Erin McKeown commences The Folkus Project with a concert

Review: The project that will be bringing a series of artists throughout the next year kicks off with an engaging and personal set from the folk singer-songwriter.

Erin McKeown is nothing if not engaging, and her show in Syracuse on Friday night was a perfect example of that. Her songs are impressively crafted personal tales, whether of failed relationships or a political issue that struck a chord.

While anyone who has listened to her albums knows just how interesting her musical arrangements can be, there was also an incredible amount of charm in the show that McKeown put on, standing on a small platform in a church with nothing but her guitar and a microphone.

McKeown's ability to reduce entire albums to a singular experience, probably back to the way the song was when she first wrote it, is endearing.
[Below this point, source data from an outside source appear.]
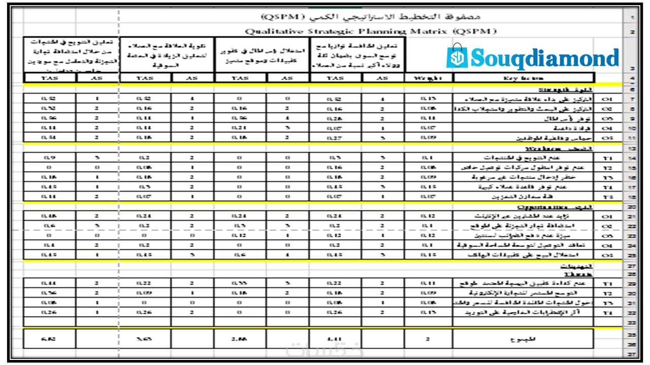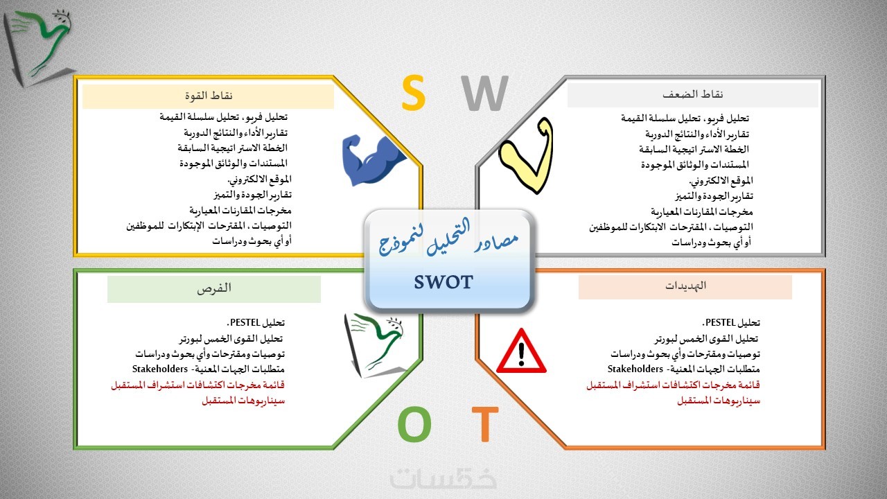 تحليل SWOT:تقييم نقاط القوة والضعف والفرص والتهديدات لتحديد استراتيجيات التحسين.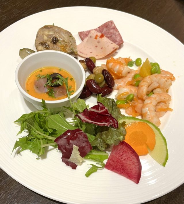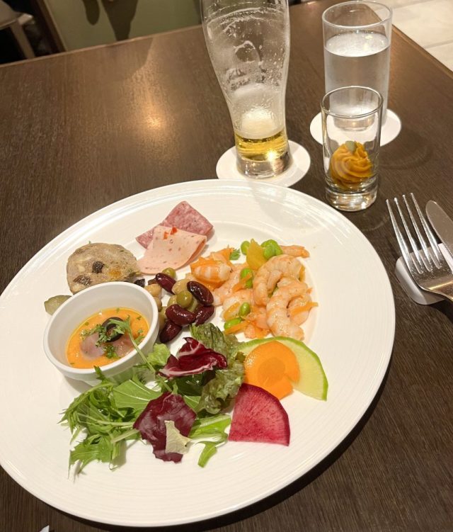 レストランのおすすめステーキ一択(笑)。ここまで来たら、食べるぜ〜。まずは前菜でスタート。これがビールにぴったり(写真)。あっという間にビールを飲み干し、前菜を丸々皿に残したまま、
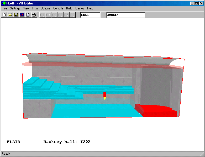 - The geometry within the domain was created using PHOENICS-VR. As the auditorium was very nearly symmetrical, only half of the domain was modelled.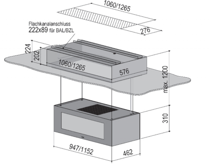• höchste Dunstwrasenerfassungs-Effizienz mit bis zu 1.200 mm statt wie bisher 800 mm Liftfunktion und somit immer optimalem Abstand zum Kochfeld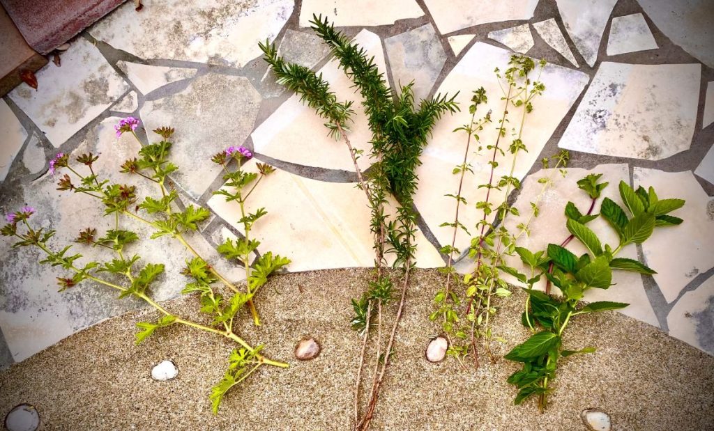 今回摘んだのは、ローズゼラニウム、ローズマリー、スィートマージョラムマリー、そしてペパーミント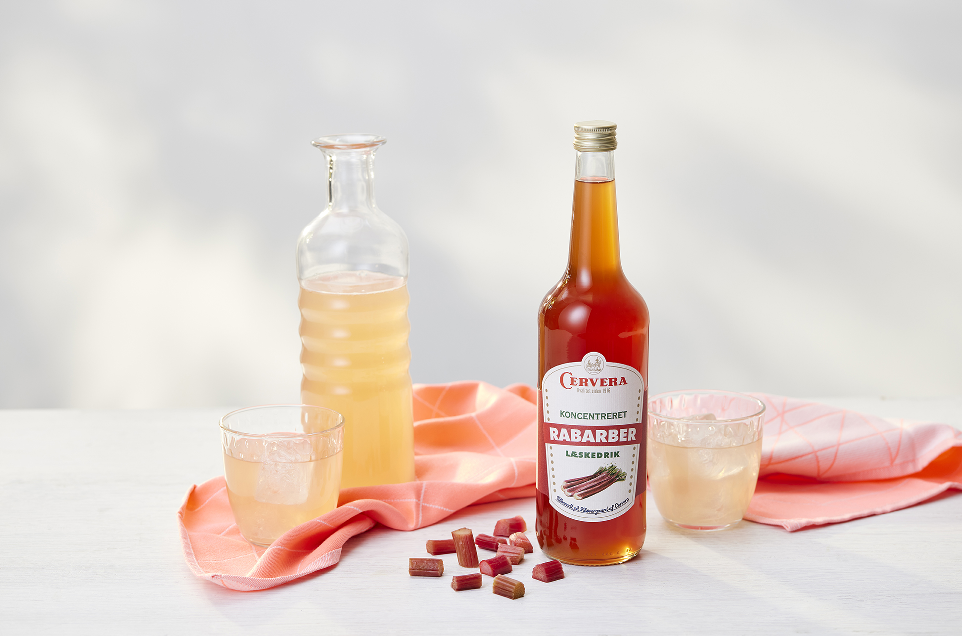 Sød og syrligt rabarber læskedrik som opblandes 1:7.
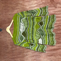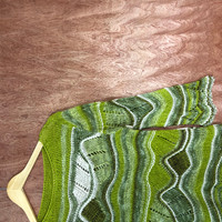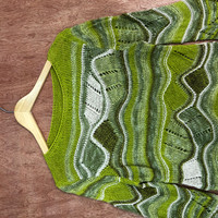 Homespun Knitwear - Japan Green crochet mesh net Knitwear art vintage wave #c524

Her performance at the May Memorial Unitarian Church on Friday night was peppered with personal anecdotes; stories about songs that she chose to cover, tales of why she structured an album a certain way.

With McKeown, there is always something more to learn and it is clear that as a performer, she values the connection that sharing those things with the audience can establish.

While McKeown's personality is undoubtedly one of the best parts of her show, her actual performance on Friday night was just as outstanding. Her undeniable musicianship paired with her ability to seamlessly switch styles of music demonstrates the careful consideration that goes into her writing.

Friday nights set was a journey through her discography and consequentially, a glance at the evolution of McKeown’s songwriting. She worked her way through highlights from each of her albums, spending a good amount of time offering the audience a preview into her new album, Manifestra, which will be released in January. 

McKeown spent just as much time playing favorites from her earliest album, Distillation, including the crowd pleasing, final song, “La Petit Mort."

Tracks from McKeown's album of swing covers, Sing You Sinners, were also well represented in her set, which was so carefully thought out that the engaged audience patiently awaited her return to the stage through a brief intermission that seemed to drag on in her absense.

The Folkus Project will be bringing many artists to Syracuse over the year, all of which have the promise to be great shows. Erin McKeown had a contageous radiance that proved her to be the proper way to kick off the series. The smiles of the audience members as they exit the venue revealed the fact that McKeown's January release will be highly anticipated until her fans can hear more of her striking blend of folk.